Desktop environments--GNOME 2.0: The move from GNOME 1.0 to version 2.0 was highly opinionated (Mac users, think OS 9 to OS X). Complexity of user interface was thrown out in favour of sensible defaults.
Web standards--CSS, RDF, XHTML: not only is there a right way to do things, but it turns out to be better too! I don't automatically fall in love with everything that emerges from the W3C, but some things are so obviously the right way it's impossible not to love them--warts and all.
Muine music player--this player throws out the paraphernalia of iTunes clones and gets you close to the music. Queue, play. What I want to do.
Epiphany web browser--a simple text bar does for bookmark lookup, search and URLs. The bookmarks work like del.icio.us tags. Despite the lure of Firefox extensions, simplicity and efficiency keeps me with Epiphany.
Make friends and enemies
The thing about opinions is that people are inclined to disagree with them. Opinions won't please everybody and, being opinionated, you will never carry everybody with you.
But opinions give you something with which to scythe through indifference. In both my writing and software development work taking a particular stance enables me to create interest, and gives direction to my projects. I tend to get bored easily, and if I'm bored, then my readers and users will never make it.
Being opinionated in software development is easier when there's a strong leader, or it's a one-person project. It's more of a dilemma if you're running a free software project with multiple contributors.
Such projects need such contributions, but run a risk of losing focus and style. I think that there we need to be brave again. If being opinionated means losing potential users, it also means losing potential contributors.
Opinions help in dealing with users, too. It's obvious that the mere act of listening to users isn't good enough. They often won't say what they mean, or their requests mask a deeper issue. How often have you given your boss exactly what he asked for, to find it wasn't what he wanted? A combination of reading-between-the-lines and having opinions helps cut a way through the noise of user feedback.
Stirring the pot
Here are a few wishes for some free software projects that I want to see succeed further, but which really need to get opinionated to be effective. These projects aren't failing, but they're not reaching the potential I know is there.
Each of them are infrastructural in some way, and that's probably where the temptation to avoid being opinionated is strongest. But here's the genius: the rewards of being opinionated here are high. Ruby on Rails is the existence proof.

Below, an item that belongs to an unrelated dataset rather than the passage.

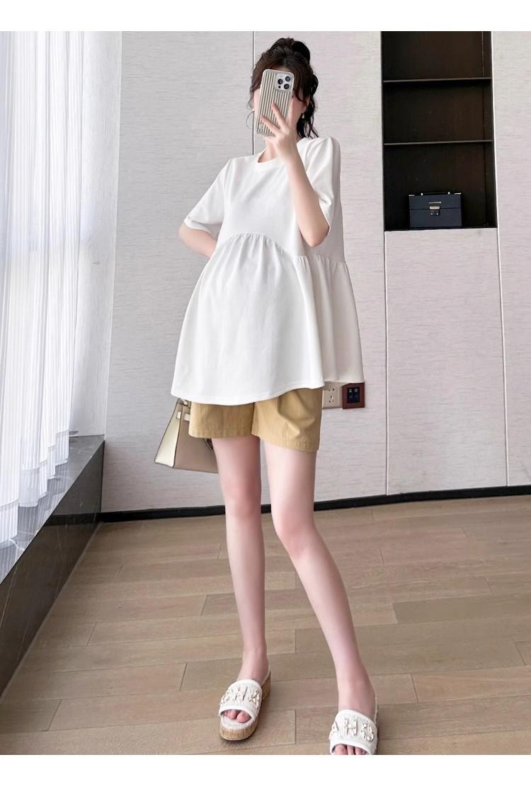 Camisetas de Maternidad de Manga Corta Tops Verano Sueltas Blancas Ropa Casual Que Cubre la Barriga Sin Mostrar Ropa de Embarazo Camisetas de Maternidad de Verano

What's better? A handful of users with the "right" idea about how fundamentally important you are to everything, or loads of users who only see a portion of the capabilities of a project?
Copy the experts
It may seem like cheating to copy Apple's lead, but a lot of what they've done in OS X is to take a stand on what's useful and not. On many occasions this has inconvenienced people, but it's not eroded that special lure that Apple products hold. There's not harm in asking "What have Apple done?" with some of our projects.
Another poster-child for being opinionated is Ubuntu Linux. Technically, it's only marginally better than other Linux distributions. Strategically, it's miles ahead. Its founder, Mark Shuttleworth, had very solid opinions about where Ubuntu should go, and pursued them. Over time, these have pervaded the product itself, but at the start it was the message and the style that made the difference.
Opinions not expressed are rarely effective.